Bruxelles – Ogni anno ben 120.000 lavoratori altamente qualificati (cioè che hanno continuato i loro studi dopo il liceo) lasciano la zona euro per trovare una nuova occupazione altrove. Per reagire alla fuga di cervelli l’Europa deve puntare sulle startup, e rendere l’Unione un posto ambito per i giovani imprenditori. E’ la tesi espressa su Euractiv.com da Lenard Koschwitz, direttore degli affari europei presso la Allied for startups, secondo il quale un passo necessario è la creazione di un visto per le startup, valido per tutta l’Ue, per facilitare gli imprenditori nel processo di creazione di nuove imprese e nell’assunzione di dipendenti di talento. Koschwitz ritiene che la ricetta del successo sia un mix di mercato, talento, cultura e capitale all’interno di un quadro normativo attraente. Un visto per le startup potrebbe quindi essere il punto di partenza per convincere i lavoratori e gli imprenditori a restare nell’Ue.
In vista della proposta che già domani dovrebbe essere dalla Commissione europea per la creazione di una ‘carta blu’ per i lavoratori altamente qualificati, Koschwitz si augura che l’esecutivo ascolti ciò che è stato chiesto dagli Stati durante lo scorso Consiglio competitività: “Incrementare l’espansione transfrontaliera delle start-up e l’attrattiva dell’Unione europea per gli innovatori”. Nel frattempo il direttore degli Affari europei per Allied for startups evidenzia alcuni aspetti del visto europeo per le startup che potrebbero avere ricadute positive su tutta l’economia europea.
1.Aumentare l’attrattività per l’intera economia europea
Non è detto che un visto per le startup ben concepito attiri un alto numero di imprenditori, ma è anche vero che uno concepito male o la sua totale assenza dissuaderà totalmente i lavoratori dall’usufruirne. Attualmente esistono nei Paesi dell’Unione otto programmi di visto per le startup, ma la maggior parte di questi non raggiunge gli obiettivi. In Irlanda, per esempio, nonostante un funzionante ecosistema per gli imprenditori, sono state ricevute solo 50 applicazioni in tre anni.
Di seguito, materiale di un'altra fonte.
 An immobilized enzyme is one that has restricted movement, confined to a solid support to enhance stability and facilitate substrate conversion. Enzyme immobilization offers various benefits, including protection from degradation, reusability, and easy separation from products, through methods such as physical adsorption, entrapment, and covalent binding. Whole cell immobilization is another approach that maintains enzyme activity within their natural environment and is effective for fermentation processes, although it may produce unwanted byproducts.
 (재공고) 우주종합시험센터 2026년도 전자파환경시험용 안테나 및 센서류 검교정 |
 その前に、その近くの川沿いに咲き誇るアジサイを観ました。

2. Collaborazione pubblico-privata focalizzata sugli imprenditori
L’approvazione del visto dovrebbe essere una decisione basata sul business, quindi non dovrebbe essere nelle mani delle amministrazioni che, invece, devono garantire che gli imprenditori abbiano sia i mezzi sia le assicurazioni necessarie per il loro soggiorno.
3. Dare spazio agli innovatori può portare ricadute positive
Alcuni programmi nazionali, come Supporto imprenditoriale in Spagna e l’ internationalisation Act, cercano d’incanalare l’innovazione verso settori e industrie specifici. Ma è importante riconoscere che cambiare direzione e settori è una parte costitutiva delle startup. Queste sono mobili e spesso si trasformano fino a che non riescono a trovare il prodotto giusto per il mercato. Un visto europeo non dovrebbe quindi essere limitato a determinati settori.
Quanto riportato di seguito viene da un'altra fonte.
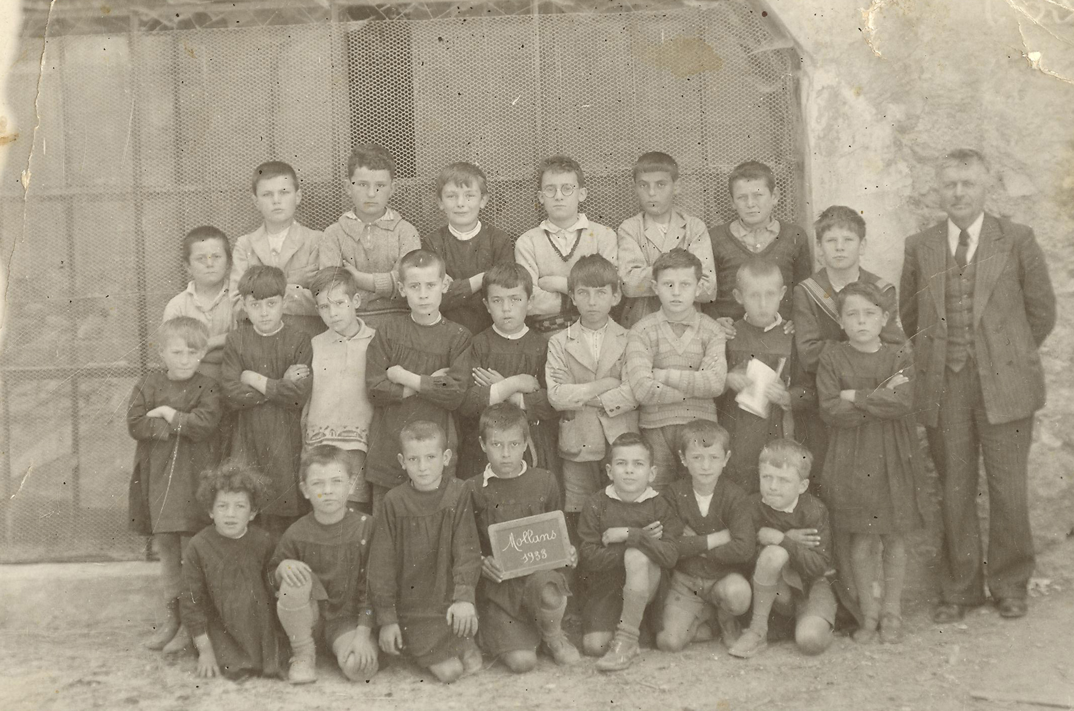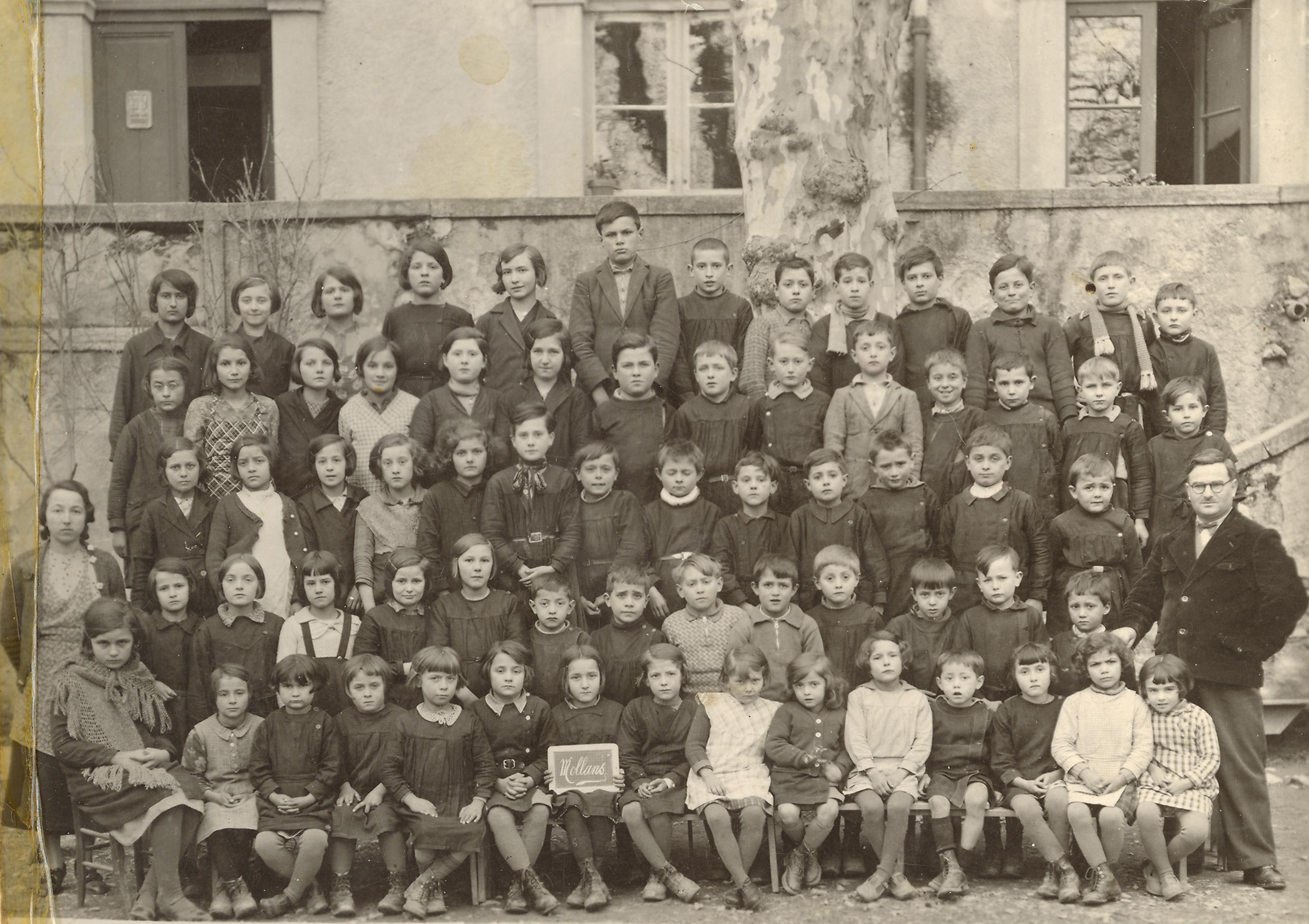 1933 - Photo de classe - On reconnaît la superbe chevelure de Camille Pantaly en bas à gauche. La photo a été prise devant la baie vitrée du moulin à huile Chauvet quand il y avait une classe, séparée de l'école sous la mairie, au-dessus du moulin. La cour existe toujours, c'est la grande terrasse qui donne sur le parking. Le WC est toujours là, il surplombait le ravin de Pisse-Rouille lequel a été recouvert pour faire le parking. |

4. Procedure semplici e accelerate
Imprenditori ad alto potenziale e individui di talento potrebbero scegliere l’Ue se questa avesse da offrire un giusto mix di dimensioni del mercato, capitale, cultura, talento, densità e regolamentazione. È importante ricordare ai policymakers che non è il visto che attrae, ma l’intero ecosistema. Un visto ideale per gli imprenditori high-tech e high-growth deve essere facile da ottenere, o comunque non deve comportare ritardi nella creazione delle loro attività.
5.Abbracciare l’insuccesso per il beneficio di tutti
E’ difficile dire se una startup avrà effettivamente successo, ma a prescindere dal suo esito economico il processo di costruzione di una società influisce positivamente non solo sul fondatore, ma sull’intera economia circostante. Nella Silicon Valley il 50% delle startup ha almeno un immigrato come fondatore chiave, contribuendo così alla diversità culturale, all’apertura e alla creatività dell’ecosistema. Nell’Ue invece solo il 10% dei fondatori sono migranti e solo 3 su 10 dipendenti nelle startup provengono da un Paese diverso da quello in cui è situata l’impresa.
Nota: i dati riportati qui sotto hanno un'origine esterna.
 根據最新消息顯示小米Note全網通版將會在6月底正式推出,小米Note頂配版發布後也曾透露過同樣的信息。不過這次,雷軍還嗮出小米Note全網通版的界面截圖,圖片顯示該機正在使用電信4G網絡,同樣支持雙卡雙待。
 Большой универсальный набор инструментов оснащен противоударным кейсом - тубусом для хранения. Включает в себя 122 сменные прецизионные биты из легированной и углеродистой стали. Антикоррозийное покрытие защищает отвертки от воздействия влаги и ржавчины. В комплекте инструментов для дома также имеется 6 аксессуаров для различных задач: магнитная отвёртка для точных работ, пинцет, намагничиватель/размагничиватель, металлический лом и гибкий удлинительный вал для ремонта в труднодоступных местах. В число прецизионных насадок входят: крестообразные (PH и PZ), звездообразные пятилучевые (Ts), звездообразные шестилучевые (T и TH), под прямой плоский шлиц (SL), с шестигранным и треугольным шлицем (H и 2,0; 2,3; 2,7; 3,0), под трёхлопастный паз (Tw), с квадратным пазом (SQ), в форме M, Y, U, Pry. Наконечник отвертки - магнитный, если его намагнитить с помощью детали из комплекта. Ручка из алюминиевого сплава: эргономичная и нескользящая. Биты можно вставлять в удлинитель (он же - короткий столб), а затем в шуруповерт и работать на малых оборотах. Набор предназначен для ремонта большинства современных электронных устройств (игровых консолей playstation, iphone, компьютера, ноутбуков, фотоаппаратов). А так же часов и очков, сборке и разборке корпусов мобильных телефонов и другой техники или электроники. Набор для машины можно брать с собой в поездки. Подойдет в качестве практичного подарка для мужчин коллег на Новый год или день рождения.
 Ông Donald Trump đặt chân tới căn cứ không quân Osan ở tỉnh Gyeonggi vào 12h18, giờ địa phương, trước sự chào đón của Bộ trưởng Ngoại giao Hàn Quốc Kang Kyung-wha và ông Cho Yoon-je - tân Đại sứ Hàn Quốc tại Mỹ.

6.Pensando al prossimo passo
Il visto sarebbe il primo grande passo per realizzare la visione digitale dell’Europa. Ma c’è ancora molto da fare. I governi per primi devono capire che il loro contributo nel settore degli stipendi e delle abitazioni è fondamentale per mantenere le aziende di successo. Inoltre l’Europa deve introdurre delle norme non solo per le persone che hanno intenzione di creare delle startup, ma anche per facilitare la migrazione di coloro che lavorano presso una azienda tech europea. Lo stesso dovrebbe valere anche per gli investitori, per fare in modo che il denaro fluisca dove ci sono le startup, e non il contrario.